Profile Image for Carolyn.
110 reviews3 followers
December 2, 2022
4.5 stars. A really great collection with a fascinating introduction. The only reason I'm docking half a star is because I really think this suffered from not having the texts of the original poems opposite the translations.
Profile Image for Kyri Freeman.
699 reviews8 followers
February 25, 2024
I wish this had been a side by side edition to help understand the poetry better, and I'm curious what people more skilled in the language think of the translations. Sometimes the language seemed to be trying too hard to be modern, and didn't convey much sense of poetry.
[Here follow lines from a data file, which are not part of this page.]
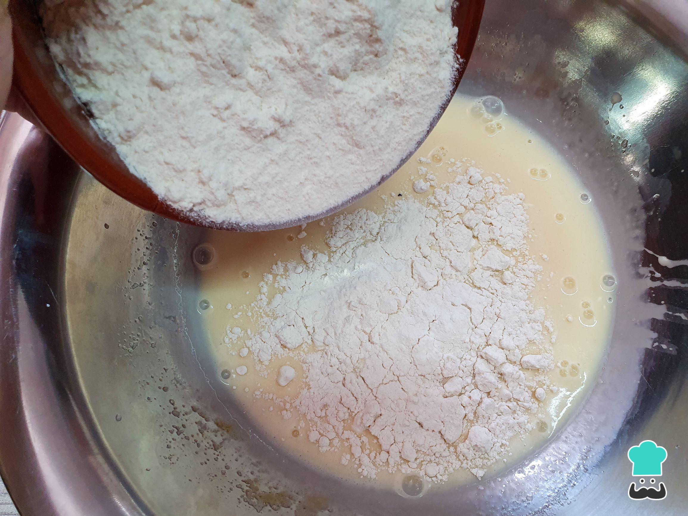 Acrescente a farinha de trigo aos poucos. Não será necessário utilizar toda ela. Acrescente também o fermento neste momento.
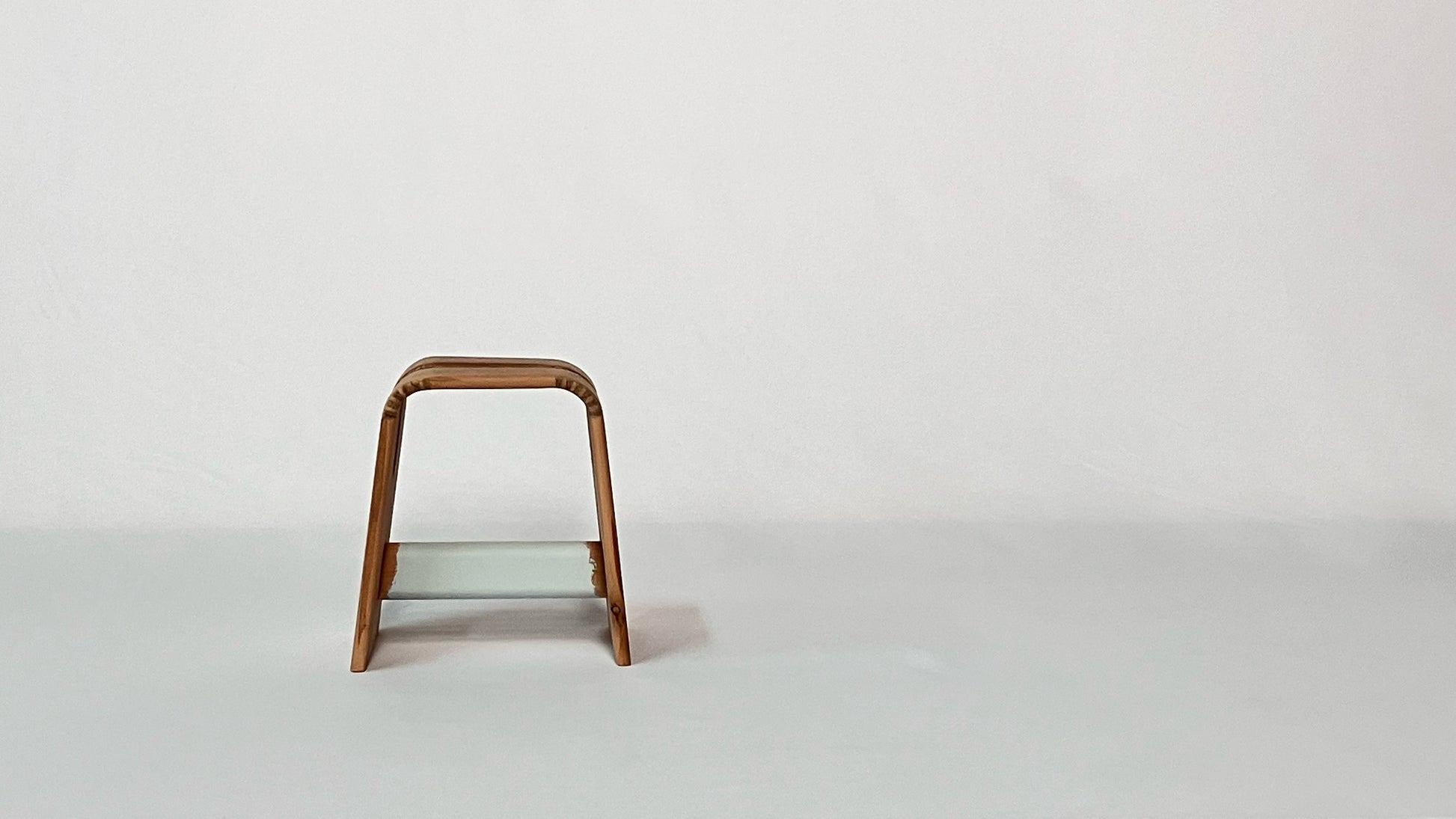 当工房の代表作であるオーク材のスツールの原点となった、10mmの薄い杉板を曲げて作った小さく、そして非常に軽量なスツールです。
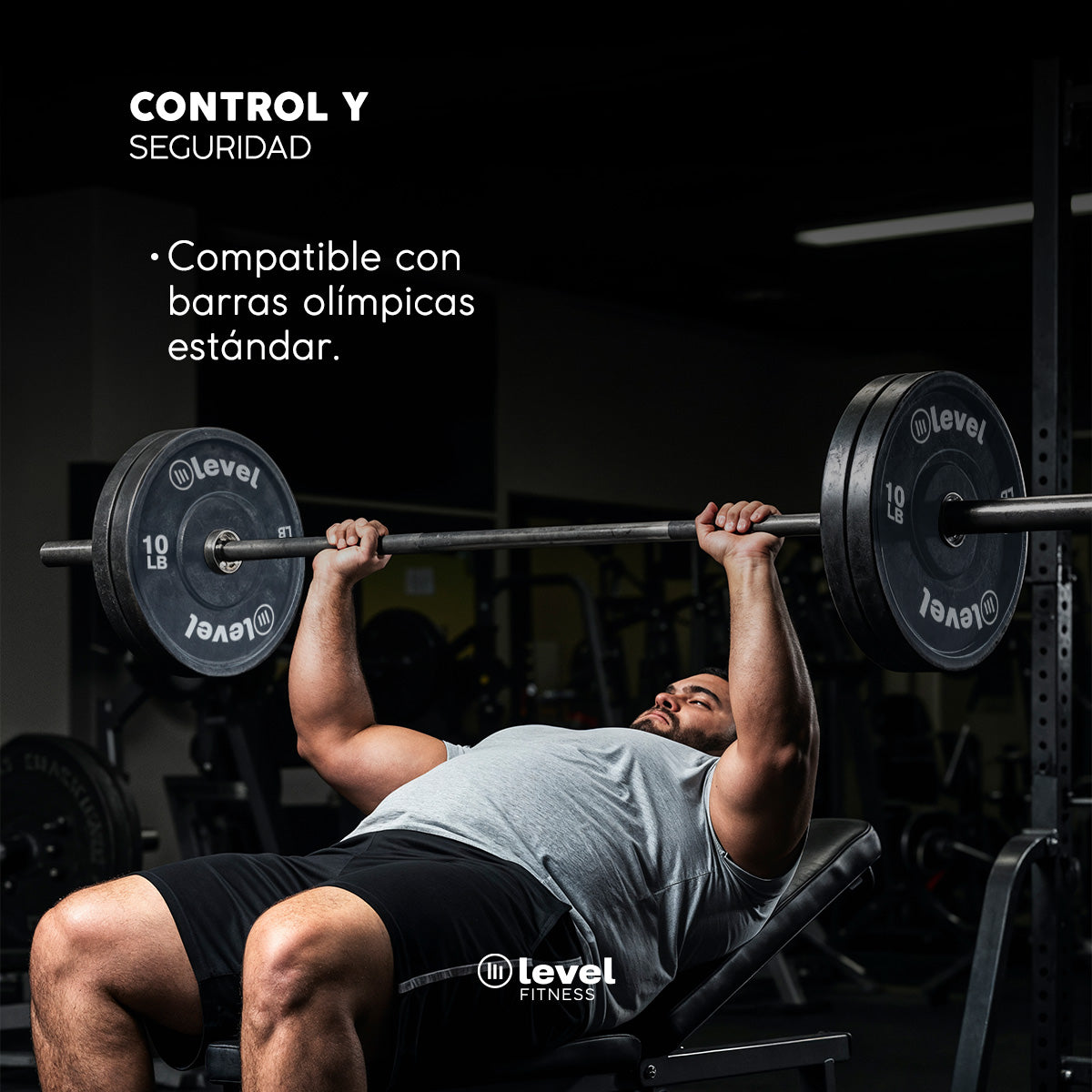 Puedes usarlos junto con nuestras barras olímpicas profesionales LEVEL FITNESS o por separado. Estos discos amplían las posibilidades de tus entrenamientos, ideales para levantamiento de pesas y más.
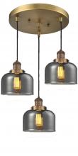 Bell - 3 Light 13" Multi-Pendant - Incandescent Bulb - Brushed Brass Finish - Matte White Shade
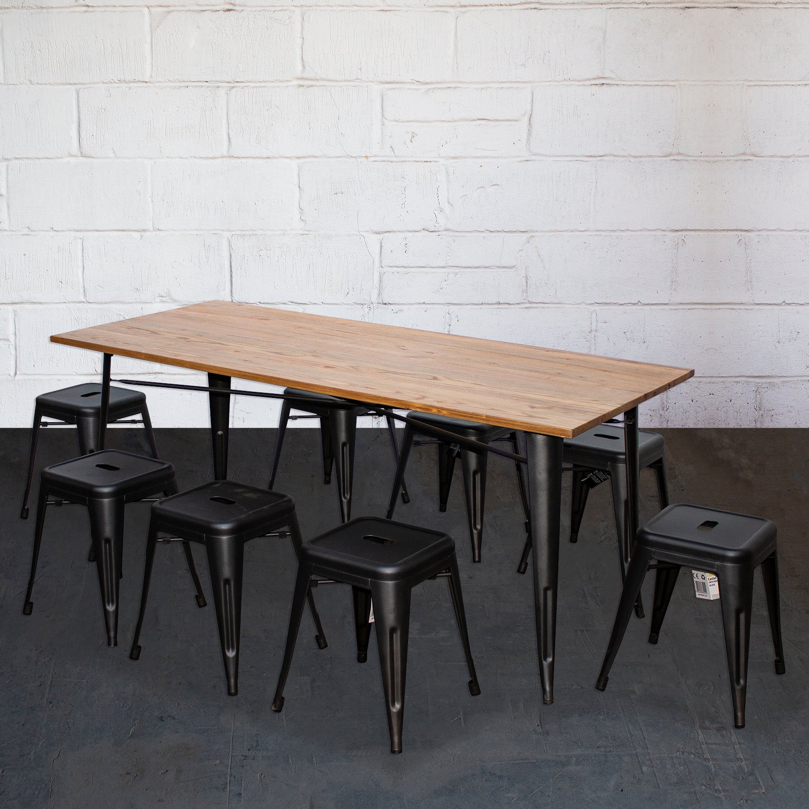 9PC Taranto Table & 8 Castel Stools Set - Onyx Matt Black

This entire review has been hidden because of spoilers.
Profile Image for Mark.
Author 2 books12 followers
March 30, 2024
In terms of the translation, notes and introduction, this is an excellent book. If it's historical interest that has brought you to these poems then this is an illuminating book. The poetry itself I found difficult to enjoy. There's a lot of blood and battles, and much repetition. The 'Legendary Poems' were by far my favourites.
Profile Image for LeAnna.
201 reviews5 followers
September 29, 2024
This was rather underwhelming. It is mainly a translation issue; the language seemed to waver between the poetic and the juvenile. Approaching it from a literary, rather than scholarly, angle is perhaps not the best approach for this collection of medieval writing.
Profile Image for David M. M..
Author 14 books5 followers
February 25, 2025
You probably can guess why a book ascribed to an immortal, shapeshifting bard would appeal to me. This is wonderfully enigmatic, and I deeply enjoyed it. I would like to one day own a copy of this on paper.
Profile Image for Val.
39 reviews1 follower
March 17, 2025
With the able translation work of Lewis and Williams, the poems of this collection are made accessible for the modern Anglophone reader. I'm glad to be able to add this to my shelf of works about Medieval Wales.
53 reviews
March 10, 2021
Wonderful book of poetry

I am researching for a novel and find books like this sit in my mind and stir the pot. So tasty.
7 reviews17 followers
February 13, 2022
Amazing, with introductions based of Haykock I think. Very nice as introduction to reading Taliesin poems!